Witnesses' failure to stop a public assault on British celebrity chef Nigella Lawson is not surprising, New Zealanders might not have intervened either, specialists say.
Art collector Charles Saatchi, 70, publicly abused his wife Lawson, 53, at a London restaurant on June 9.
Fellow diners reported a heated argument, during which Saatchi repeatedly grasped Lawson's neck, pushed his hands into her face, and pinched her nose.
Lawson appeared upset and left the restaurant in tears, passers-by said. But while witnesses photographed the incident, no one reported the crime to the police.
Saatchi initially dismissed his actions as "playful" but had now accepted a caution for assault.
Helping out during public emergencies was "more complicated'' than it seemed, lecturer at Auckland University school of psychology Danny Osborne told Fairfax Media.
Studies showed there were five stages to negotiate before people were moved to step in, Osborne said.
The first stage was noticing. Then came interpreting the problem, accepting responsibility for providing help, deciding what to do, and then doing it.
"This was an instance in which people either failed to take responsibility or perhaps they felt responsible but decided not to help," he said.
The larger the audience to a domestic assault, the less likely someone would feel responsible, Osborne said.

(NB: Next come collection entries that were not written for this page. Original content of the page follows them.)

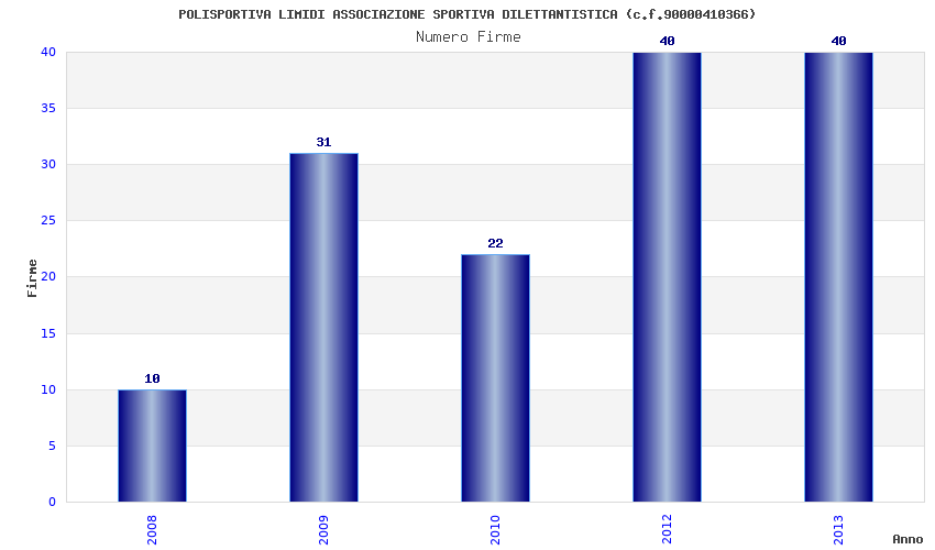 | Anno | Firme | Importi | Media | Naz. | Reg. | Prov. | Comu. |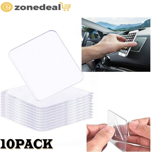 10 Pack Sticky Gel Pads Double Sided Sticker Tap for Wall, Kitchen/Office/Home/Car, Strong Heavy Duty Washable Patch Clear Removable Adhesive Pad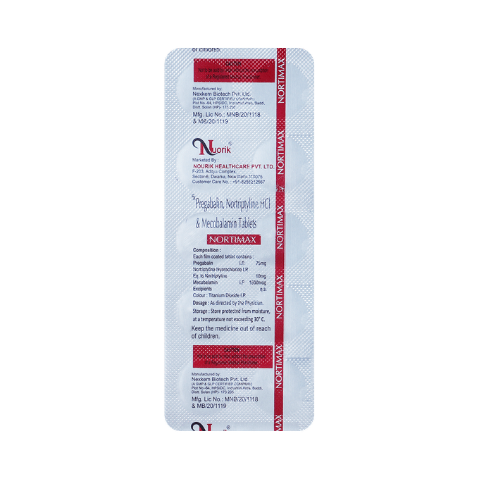 Pregabalin 75mg + Methylcobalamin 1500mcg + Nortriptyline 10mg +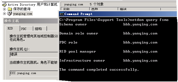 14、這五個步驟完成以后,檢查一下是否全部轉(zhuǎn)移到BDC 上了,打開在第9步時裝windows support tools,開始->程序->windows support tools->command prompt, 輸入netdom query fsmo , 如圖:全部轉(zhuǎn)移成功. 現(xiàn)在五個角色的owner 都是ccc 了.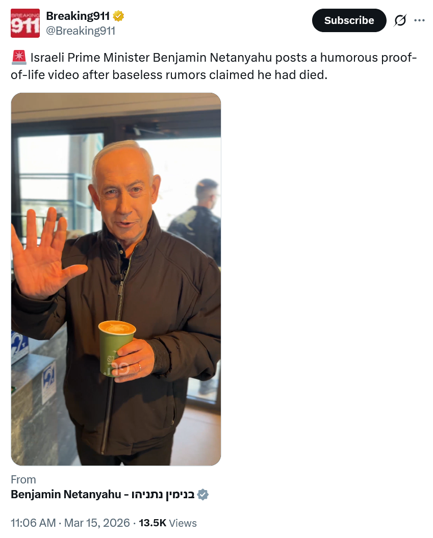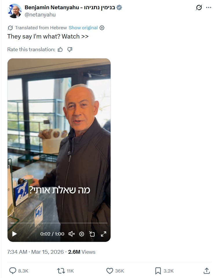 https://x.com/netanyahu/status/2033190035764232360?s=20>Bibi still alive>The two Khameini's are deadlol

In deciding whether to help, people internally evaluated "the pros and cons of interfering".
"Cons might include embarrassing yourself if you find out that the woman didn't require assistance," he said.
National Network of Stopping Violence general manager Parekotuku Moore said New Zealanders were becoming less tolerant of domestic abuse, and she encouraged witnesses to intervene and seek help.
"Foremost, [intervening] sends a message to the victim that what is happening is observed and is not acceptable.
"It is important to let those involved know the incident has been watched, and that there is intention to take some action. It might be to get involved, or to call for further assistance," she said.
Statistics showed New Zealand had a high rate of domestic violence, with between 33 and 39 per cent of women experiencing physical or sexual violence from a partner in their lifetime.
The New Zealand Medical Association associated domestic violence with "increased risk of depression, anxiety, substance abuse, and self-injurious behaviour, including suicide".
Of those arrested for family violence, 84 per cent were men. Police estimated just 20 per cent of domestic violence was reported.